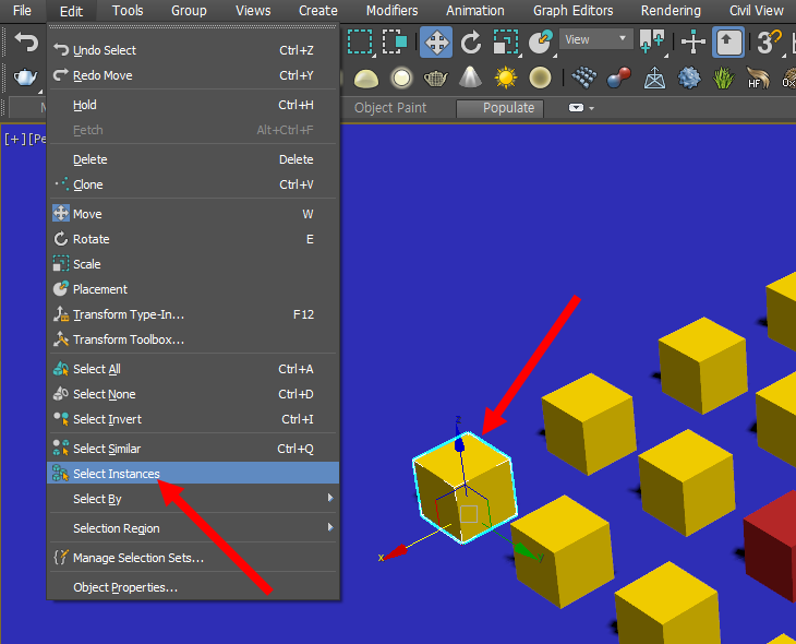 3)씬에서 해당 인스턴스 오브젝트를 모두 선택하려면 하나의 오브젝트를 선택하고 상단의 edit 메뉴에서 select instances를 선택합니다.
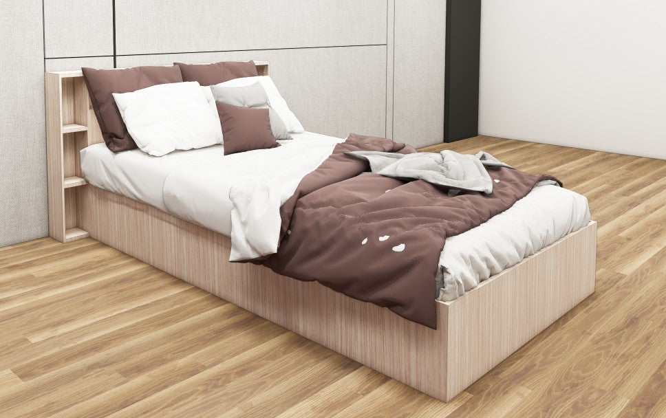 Modern Oak Finish Single Bed with Headboard Storage
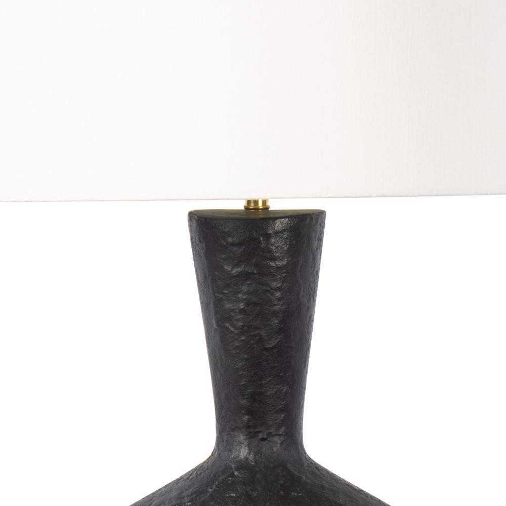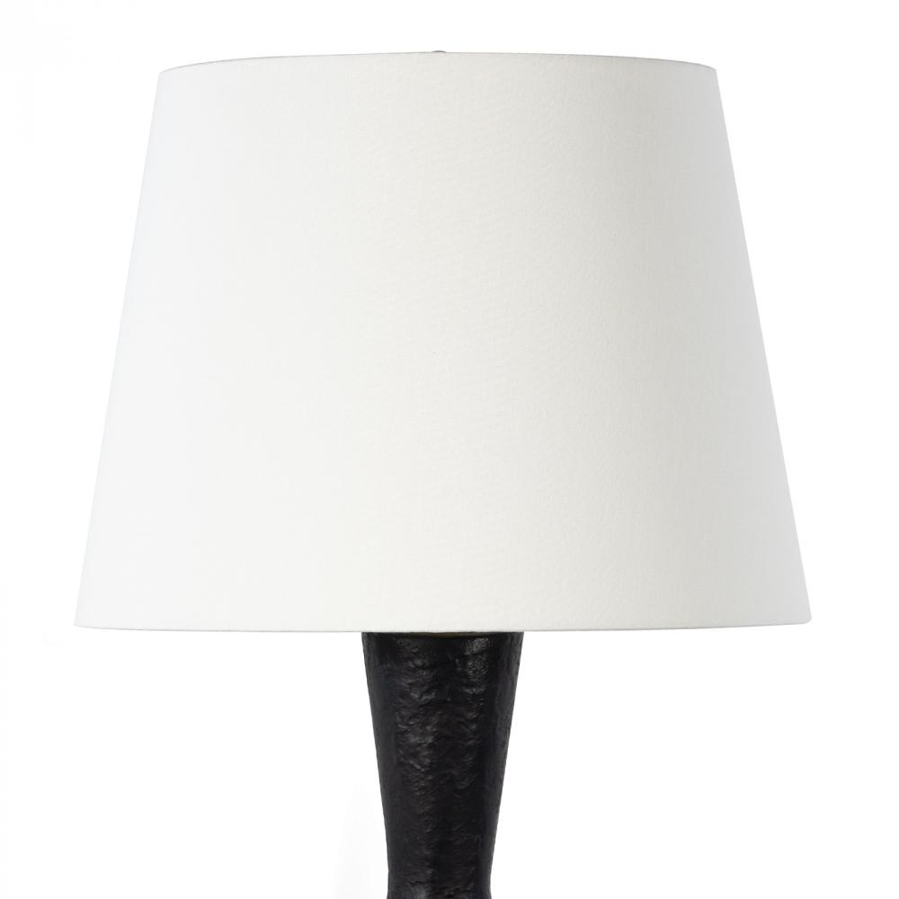 The Poe Metal Table Lamp is a sculptural piece that is destined to be a focal point in your home. The blackened plaster finish on its metal body is mottled with a texture that is crafted to have an artisan, handmade feel. It pairs nicely with its natural brass base and natural linen lampshade.
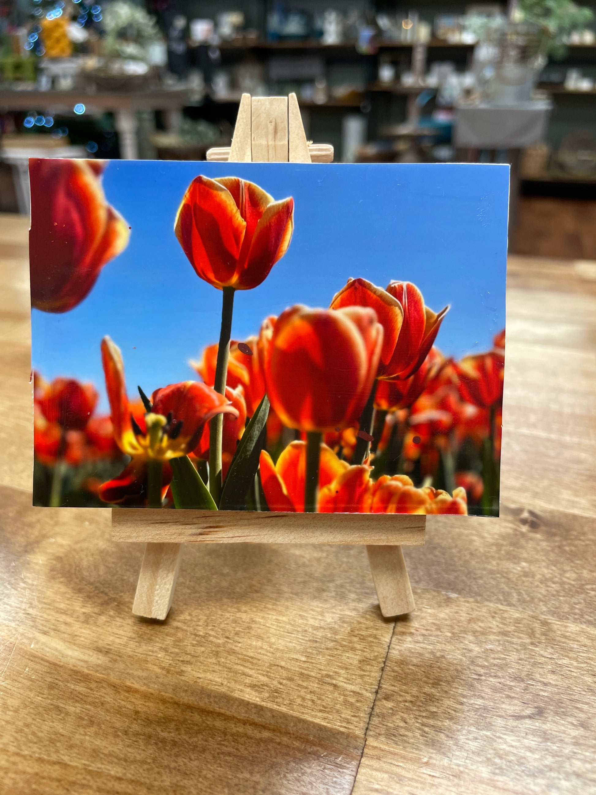 Tiny Easel to display the 4 x 3" Canvas of gorgeous Red Tuplips from the local Burnside Farms in Nokesville.

* [Instructions for the task]:
Every line from the one containing "Modern Oak Finish" to the end of the material above is to be returned exactly, with the pictures left out.

* [Exercise result]:
 Modern Oak Finish Single Bed with Headboard Storage
 The Poe Metal Table Lamp is a sculptural piece that is destined to be a focal point in your home. The blackened plaster finish on its metal body is mottled with a texture that is crafted to have an artisan, handmade feel. It pairs nicely with its natural brass base and natural linen lampshade.
 Tiny Easel to display the 4 x 3" Canvas of gorgeous Red Tuplips from the local Burnside Farms in Nokesville.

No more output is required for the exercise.